Summary: Haskell is great for refactoring, thanks to being able to reason about and transform programs with confidence.
I think one of Haskell's strengths as a practical language is that it's easy to refactor, and more importantly, easy to refactor safety. Programs in the real world often accumulate technical debt - code that is shaped more by its history than its current purpose. Refactoring is one way to address that technical debt, making the code simpler, but not changing any meaningful behaviour.
When refactoring, you need to think of which alternative forms of code are equivalent but better. In C++ I've removed unused variables, only to find they were RAII variables, and their mere presence had a semantic effect. In R I've removed redundant
if expressions, only to find the apparently pure condition had the effect of coercing a variable and changing its type. In Haskell, it's equally possible to make refactorings that at first glance appear safe but aren't - however, in practice, it happens a lot less. I think there are a few reasons for that:
- Haskell is pure and evaluation strategy is largely unobservable - moving a statement "before" or "after" another lexically is usually safe.
- Refactorings that do go wrong, for example variables that accidentally get moved out of scope or types which are no longer as constrained, usually result in compiler errors.

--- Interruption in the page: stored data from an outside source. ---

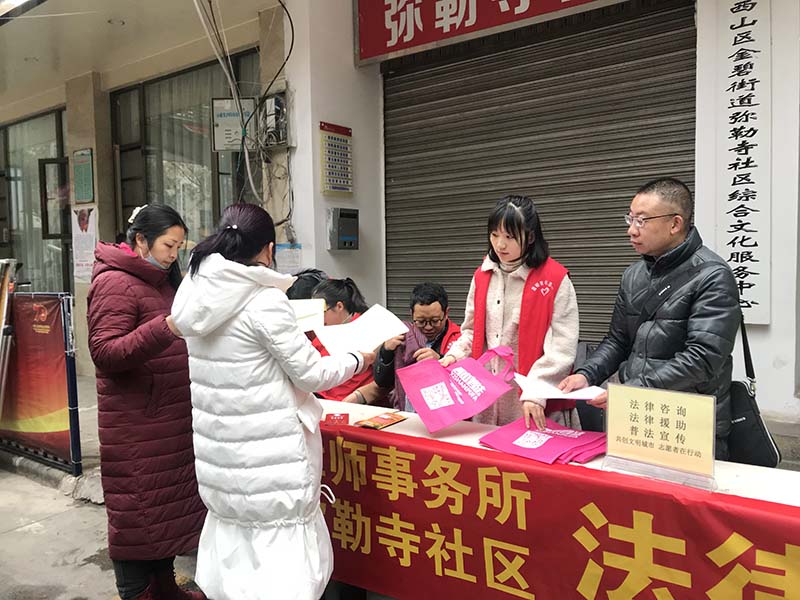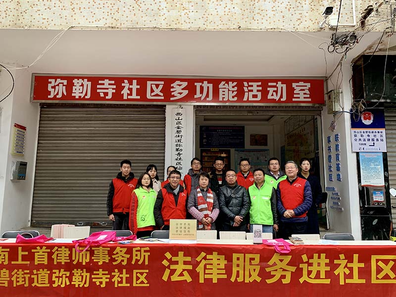 建设法治和谐西山,法律志愿者服务先行。共建法治和谐社会,离不开每一份力量,云南上首律师事务所及上首律师们积极参与志愿者进社区等公益活动,力所能及的为建设和谐法治社会贡献自己的一份力量。
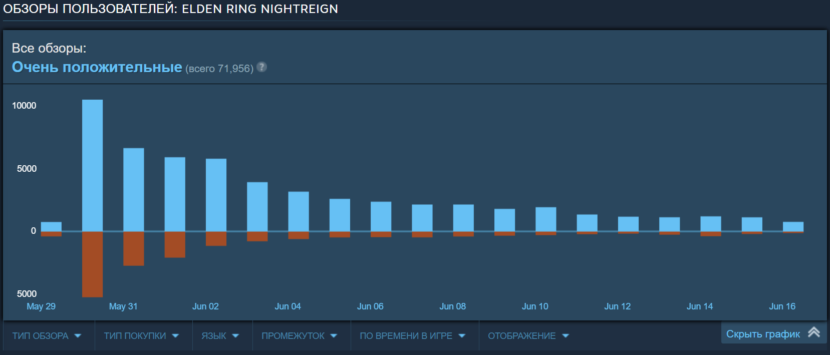 Здесь важно отметить динамику отзывов. Очевидно, что геймеры очень эмоционально отреагировали на что-то незнакомое им — кооперативный «соулс-лайк» с техническими проблемами вызвал бурю негодования. Однако с течением времени игроки стали влюбляться в проект, а патчи сделали свое дело, к счастью, хорошее. С течением времени число негативных отзывов стало снижаться, а положительные рецензии и подвинули Nightreign в зону «очень положительных».
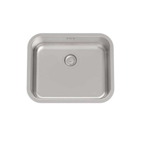 Fregadero de cocina Roca de 1 cubeta en acero inoxidable satinado con válvula 3½" incluida. Robusto, fácil de instalar y pensado para el uso diario.
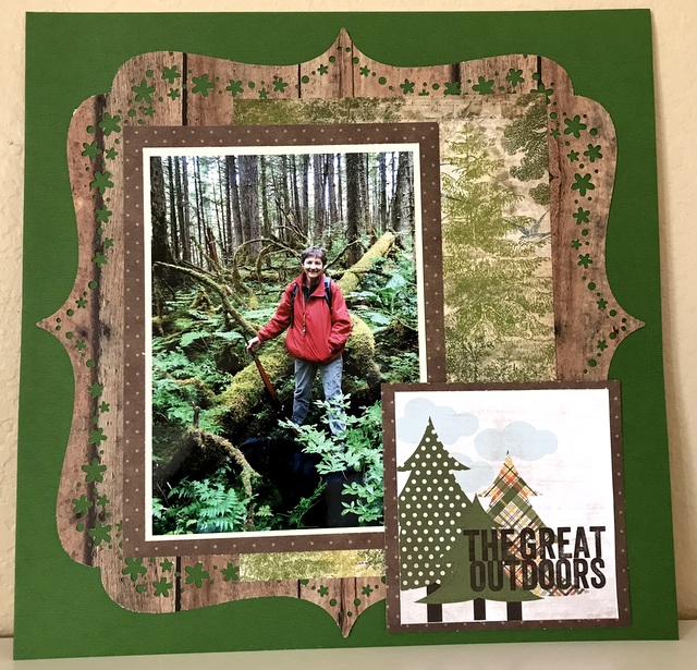 This is a 12″ by 12″ Scrapbook page of my sister-in-law in the forest around Juneau, Alaska.

- The Haskell community cares about semantics and laws. The Monad laws are satisfied by almost all monads, flagrantly breaking those laws is rare.
- Functions like
unsafePerformIO, which could harm refactoring, are almost always used behind a suitable pure abstraction.

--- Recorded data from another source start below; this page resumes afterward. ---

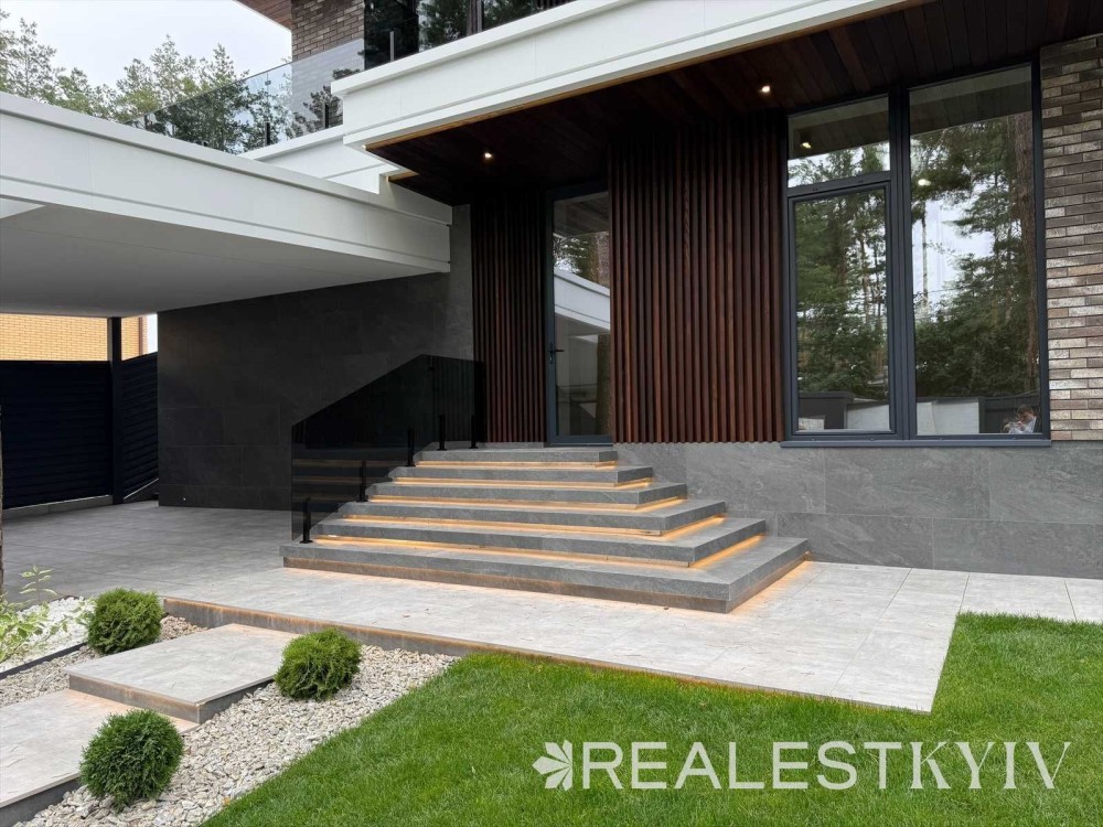 Вулична підсвітка фасаду, сходів, басейну та території.
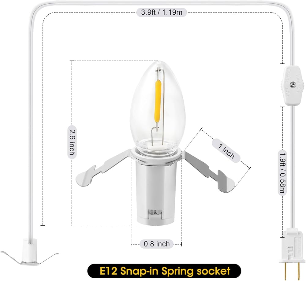 سلك التبعية مع مصابيح LED C7 ومفتاح التشغيل/إيقاف تشغيله: يبلغ طول سلك التبعي 6 أقدام لسهولة الاتصال بمنفذ الجدار. قابس معتمد للاستخدام الآمن. يتميز بمفتاح دوار على 360 درجة على تشغيل الضوء وإيقاف تشغيله بسرعة مع الضغط البسيط لزر واحد لتحكم سهولة في الإضاءة.
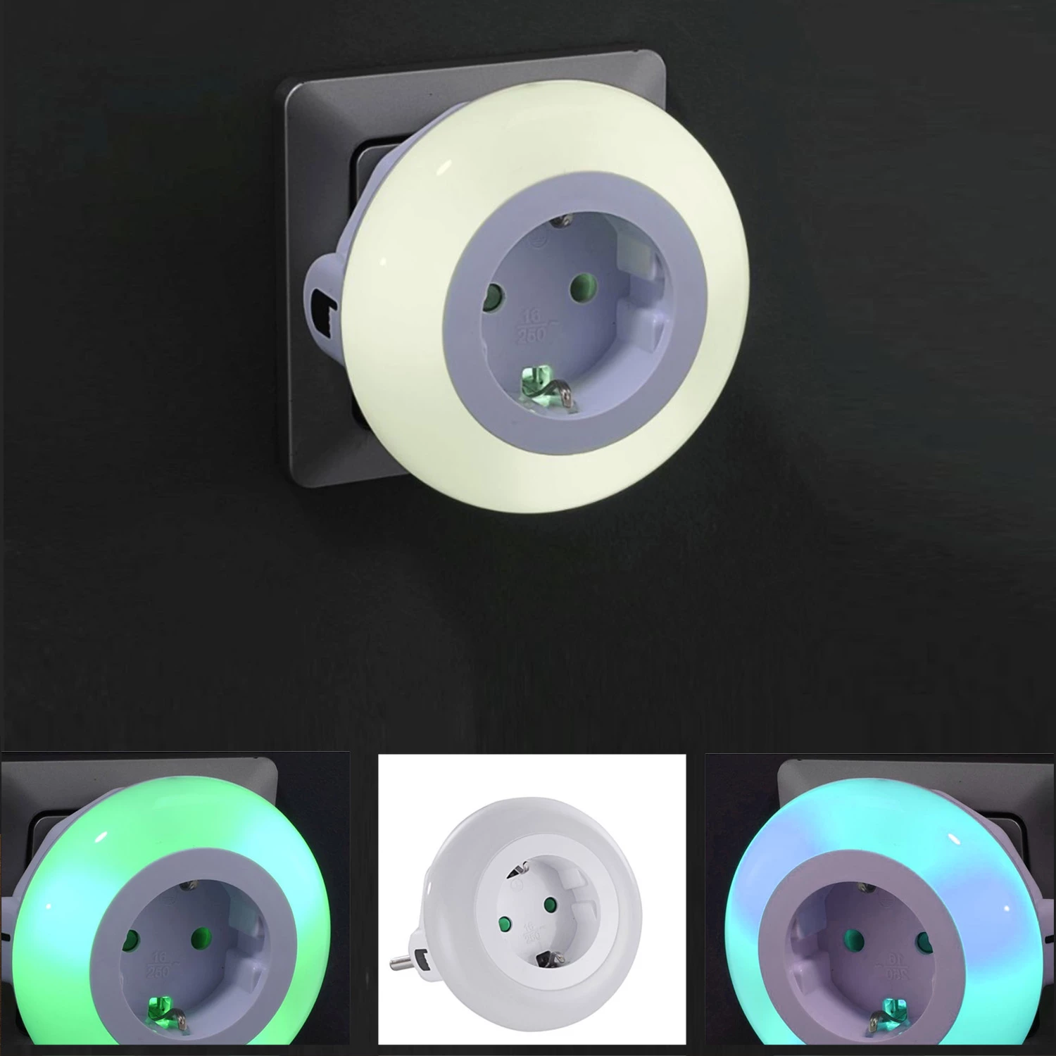 Nacht- und Orientierungslicht mit Schukosteckdose – Farbwechsel durch Touch, inkl Dämmerungsssensor
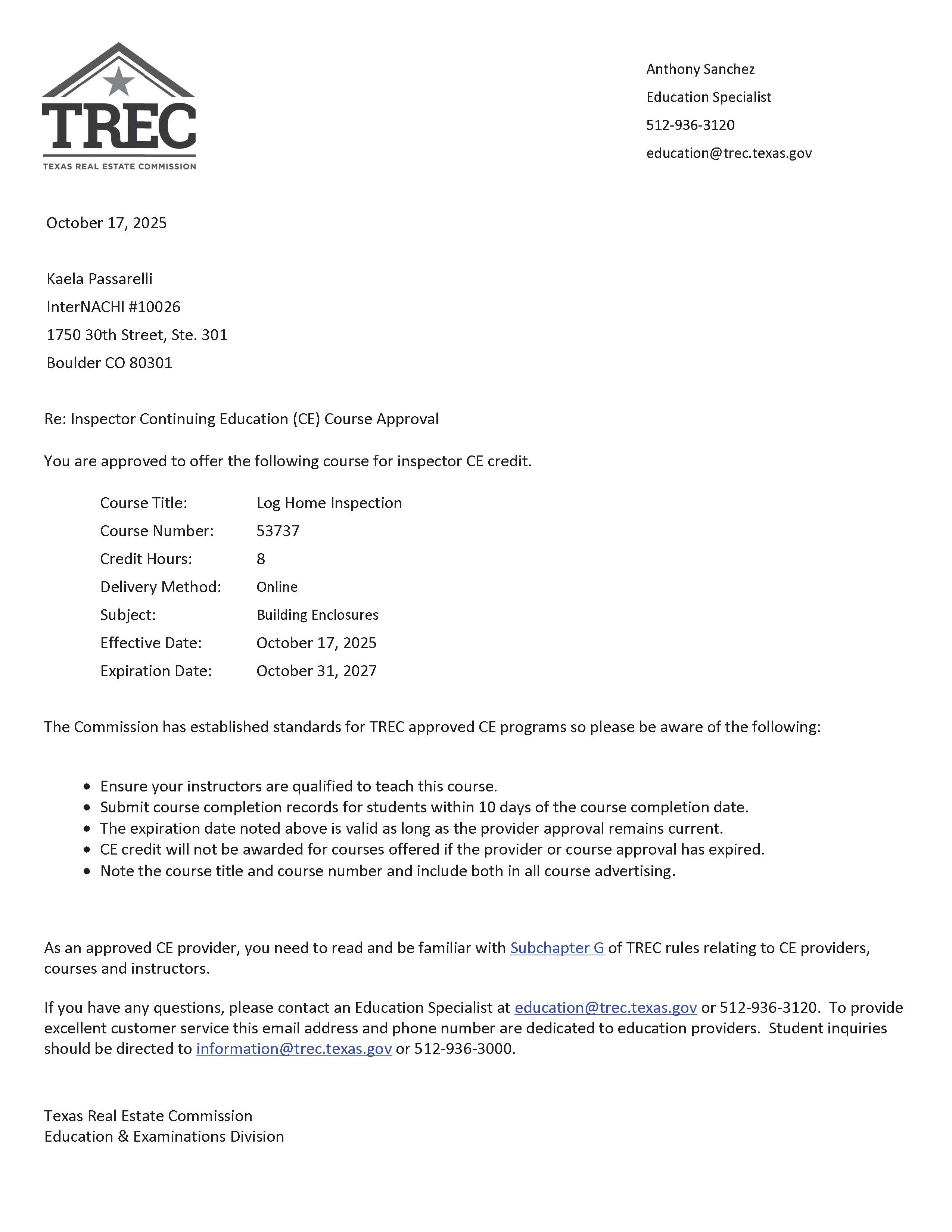 The Texas Real Estate Commission has renewed InterNACHI’s free, online course:

Note that these reasons are due to both the language, and the conventions of the Haskell community. (Despite these factors, there are a few features that can trip up refactorings, e.g. exceptions, record wildcards, space-leaks.)
To take a very concrete example, today I was faced with the code:
f = fromMaybe (not b) . select if f v == b then opt1 else opt2
At one point the function
f was used lots, had a sensible name and nicely abstracted some properties. Now
f is used once, the semantics are captured elsewhere, and the code is just unclear. We can refactor this statement, focusing on the condition:
f v == b -- inline f (fromMaybe (not b) . select) v == b -- remove brackets and inline (.) fromMaybe (not b) (select v) == b -- expand to a case statement (case select v of Nothing -> not b; Just x -> x) == b -- push the == down case select v of Nothing -> not b == b; Just x -> x == b -- simplify not b == b case select v of Nothing -> False; Just x -> x == b -- collapse back up select v == Just b
And now substitute back in:
if select v == Just b then opt1 else opt2
Our code is now much simpler and more direct. Thanks to the guarantees I expect of Haskell programs, I also have a high degree of confidence this code really is equivalent - even if it isn't obvious just looking at beginning and end.